The compassion as well as the outrage and horror that Singer’s writing has elicited in readers over the years has surely contributed to Animal Liberation’s influence - including on some of those who reject Singer’s principle of equality for humans and non-humans.

The future for animals?

Singer gives little detail about what should become of species like sheep, pigs, chickens and cows after liberation. He does say that most laboratory cages will be empty and that pigs may roam freely.

Some animal advocates hope for the eventual extinction of these much-abused species, while others allow for mutually positive relations with humans, as seen on some farm-rescue sanctuaries.

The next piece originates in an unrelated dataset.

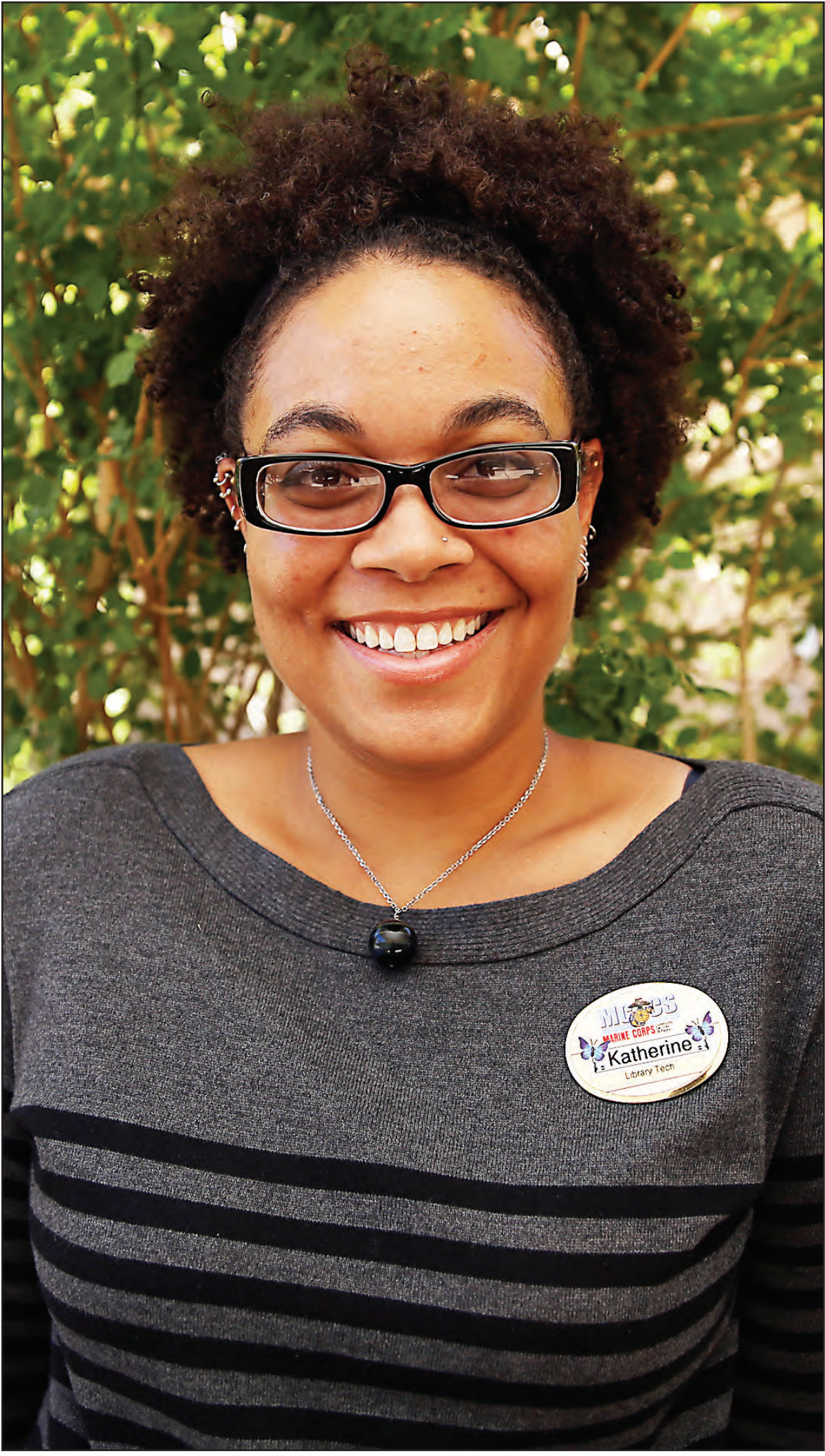
INTERVIEW AND PHOTO BY LANCE CPL. THOMAS MUDD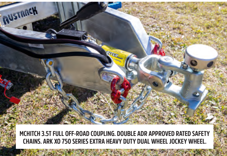
MCHITCH 3.5T FULL OFF-ROAD COUPLING. DOUBLE ADR APPROVED RATED SAFETY CHAINS. ARK XO 750 SERIES EXTRA HEAVY DUTY DUAL WHEEL JOCKEY WHEEL.

Animal psychologist Karin Mueck with a cow at the Hof Butenland farmstead in Niens, northern Germany, which is a retirement home for farmed cows. Focke Strangmann/AP

Intriguingly, Singer appears to approve of several dairies, such as How Now dairy in Australia, that claim not to harm or kill their cows and to keep mothers with their calves. He now also discusses how we might address the vexed question of wild animal suffering.

Whatever its shape, what are the chances Singer’s vision will eventuate? Perhaps artificial intelligence and other technologies will help replace much animal experimentation. Maybe improvements in plant-based meat alternatives and cell-cultured meat will allow us to withdraw from the farming of sentient beings. We might then gain a more impartial ethical perspective on non-human animals.

In any case, Singer takes comfort from words attributed to the Indian revolutionary Mahatma Gandhi about genuine justice movements that have the courage to challenge entrenched interests: “First they ignore you. Then they laugh at you. Then they attack you. Then you win.”

If Singer is right, animal liberation may one day achieve the success of anti-slavery, anti-colonial, women’s and, increasingly, LGBTQI+ movements.

For those with an interest in culture, ethics and animals – and especially for those who have not read earlier editions of the book – Animal Liberation Now is essential reading.